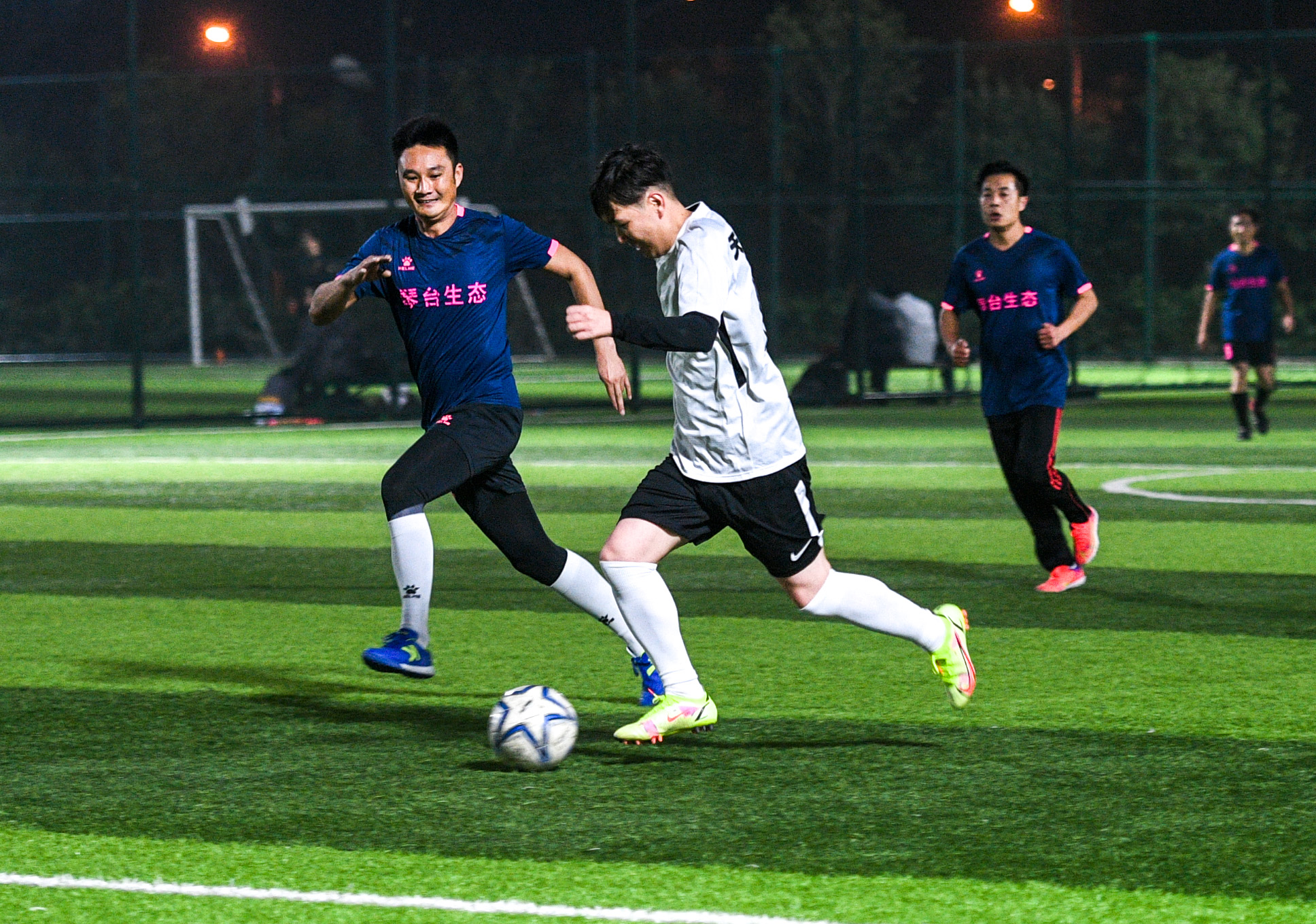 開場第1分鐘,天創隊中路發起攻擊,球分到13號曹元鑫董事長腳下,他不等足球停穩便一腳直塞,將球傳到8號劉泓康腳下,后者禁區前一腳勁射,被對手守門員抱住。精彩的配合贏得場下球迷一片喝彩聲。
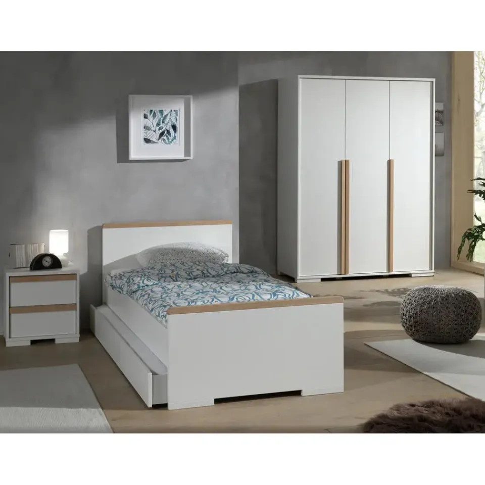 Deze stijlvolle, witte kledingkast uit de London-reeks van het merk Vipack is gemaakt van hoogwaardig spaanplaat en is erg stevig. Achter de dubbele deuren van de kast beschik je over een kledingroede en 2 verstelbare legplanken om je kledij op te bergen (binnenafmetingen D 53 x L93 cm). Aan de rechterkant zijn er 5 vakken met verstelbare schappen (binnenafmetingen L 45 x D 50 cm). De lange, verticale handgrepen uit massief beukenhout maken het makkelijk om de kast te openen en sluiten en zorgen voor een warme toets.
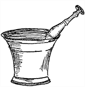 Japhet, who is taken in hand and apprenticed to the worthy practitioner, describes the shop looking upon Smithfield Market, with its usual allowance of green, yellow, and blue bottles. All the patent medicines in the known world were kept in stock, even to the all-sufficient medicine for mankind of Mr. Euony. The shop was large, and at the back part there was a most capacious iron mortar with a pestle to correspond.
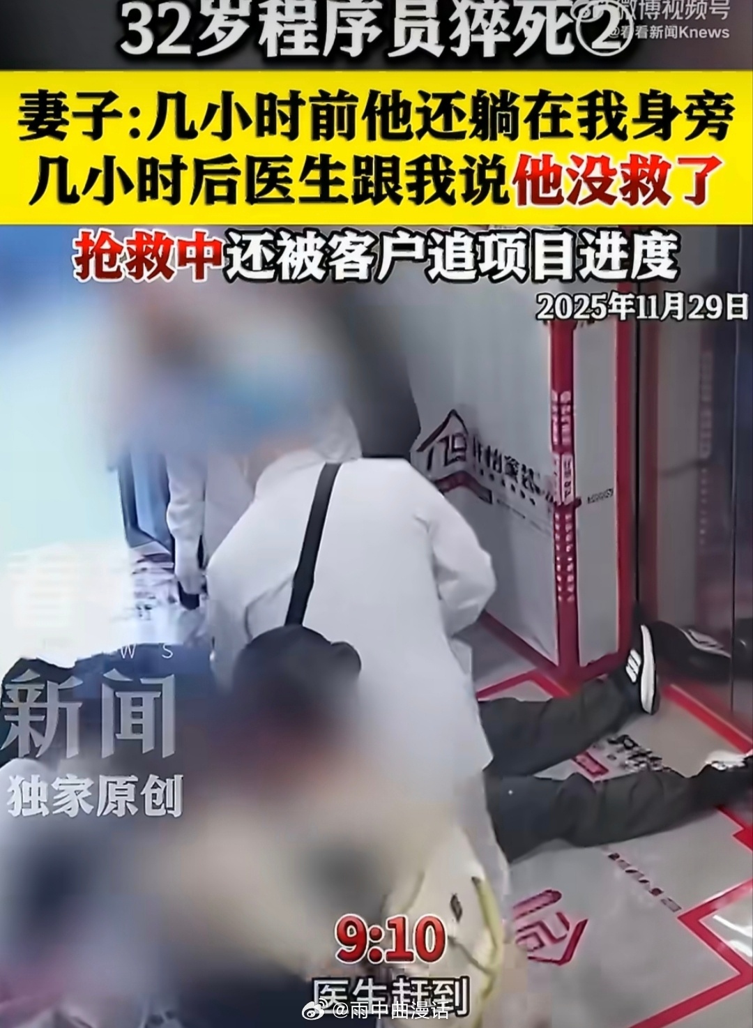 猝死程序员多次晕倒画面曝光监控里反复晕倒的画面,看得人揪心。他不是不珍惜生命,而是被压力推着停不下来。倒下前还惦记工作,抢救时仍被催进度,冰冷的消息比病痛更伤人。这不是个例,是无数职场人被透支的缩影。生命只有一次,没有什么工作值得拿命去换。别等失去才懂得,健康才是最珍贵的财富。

**Task instructions:**
Reproduce the listing exactly, minus its pictures.

**Expected answer:**
 開場第1分鐘,天創隊中路發起攻擊,球分到13號曹元鑫董事長腳下,他不等足球停穩便一腳直塞,將球傳到8號劉泓康腳下,后者禁區前一腳勁射,被對手守門員抱住。精彩的配合贏得場下球迷一片喝彩聲。
 Deze stijlvolle, witte kledingkast uit de London-reeks van het merk Vipack is gemaakt van hoogwaardig spaanplaat en is erg stevig. Achter de dubbele deuren van de kast beschik je over een kledingroede en 2 verstelbare legplanken om je kledij op te bergen (binnenafmetingen D 53 x L93 cm). Aan de rechterkant zijn er 5 vakken met verstelbare schappen (binnenafmetingen L 45 x D 50 cm). De lange, verticale handgrepen uit massief beukenhout maken het makkelijk om de kast te openen en sluiten en zorgen voor een warme toets.
 Japhet, who is taken in hand and apprenticed to the worthy practitioner, describes the shop looking upon Smithfield Market, with its usual allowance of green, yellow, and blue bottles. All the patent medicines in the known world were kept in stock, even to the all-sufficient medicine for mankind of Mr. Euony. The shop was large, and at the back part there was a most capacious iron mortar with a pestle to correspond.
 猝死程序员多次晕倒画面曝光监控里反复晕倒的画面,看得人揪心。他不是不珍惜生命,而是被压力推着停不下来。倒下前还惦记工作,抢救时仍被催进度,冰冷的消息比病痛更伤人。这不是个例,是无数职场人被透支的缩影。生命只有一次,没有什么工作值得拿命去换。别等失去才懂得,健康才是最珍贵的财富。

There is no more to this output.